9.5 The human is the steadiest — and the persona is a source of drift
Set against all of this, the human is the most method-stable column of the seven. Sophie Duvernoy’s editorial repertoire is identical across both chapters: in each she translates the embedded titles the machines keep, re-rhymes and re-sings the embedded verse, modernizes the period register to contemporary idiom, inverts Tergit’s periodic syntax into native English flow, adds interpretive paratext, strips the Berlin “die + surname” article, and fuses paragraphs — while keeping a few choice realia in German or French as deliberate flavour. Laid side by side, the two “what only H does” inventories are the same list. Her composite falls (80.3 → 69.3) only because the material and the instrument changed, not the method: Chapter 25’s street scenes gave her eye-dialect to do (scoring the dialect test at its ceiling) where Chapter 26’s drawing room offers almost none, and Chapter 26 hands her more realia she chooses to keep — and the two chapters were scored on different loci by different instances. The method did not move; the chapter moved under it.
The inversion is worth naming. One might assume that the human would be the idiosyncratic, case-by-case variable and the machines the consistent rule-followers — and on this evidence it is the reverse. The two arms that broke their own rules (A, D) are the two most heavily “person’d” machines; the no-persona controls and the revision-discarding arm (B) were the stable ones; and the human ran one unchanging editorial logic across both chapters. The persona, in other words, is not behaving as an anchor. It supplies strong baseline defaults — but it is also precisely where the system drifts when the material changes: A’s fracture is an over-reading of its persona’s honorific rule, D’s fracture is its reading contradicting the persona it was translating from. This extends the Chapter 25 law with a longitudinal companion. The law there was the persona controls the defaults, the brief controls the deviations, and the human’s craft picks are produced by neither. Across two chapters it gains a clause: the persona also controls where the system drifts when the material changes; behavioural consistency comes from the stable method-core and from the text itself, not from the elaborated persona.
10. Discussion
The seven-way geometry and the two probes converge on one clean law:
The persona controls the defaults, the brief controls the deviations, and the human’s craft picks are produced by neither.

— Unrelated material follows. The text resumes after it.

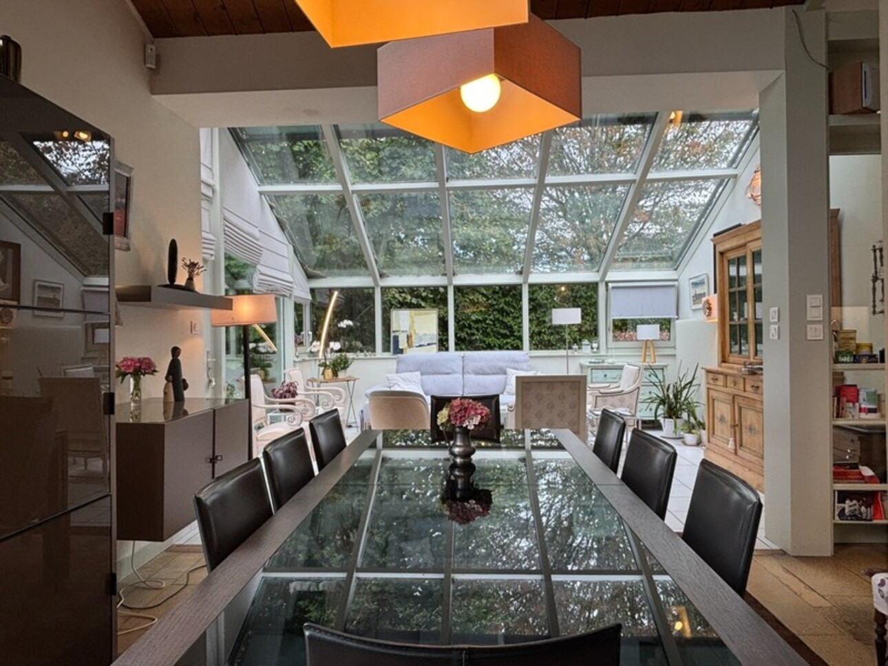 • Un troisième espace salon sous une magnifique verrière, véritable pièce signature de la maison, baignée de lumière et ouverte sur le jardin.

Each clause is grounded. The persona controls the defaults. The composite ordering of the AI arms tracks the persona-source axis more than anything else within the AI band: the two German-leaning persona arms on the lighter brief (D-let 17.1, B 19.7) sit lowest; the persona dampens a permission (D-let kept more German than C-let under the identical paragraph); and the corpus that built a persona gates which authorities the arm can even cite (voice-models present for A and D, absent for B). The persona is doing real work — A is shorter, lighter, and more naturalized than B; D-let preserves more German than any other arm — but the work is on the baseline disposition, not on individual destinations.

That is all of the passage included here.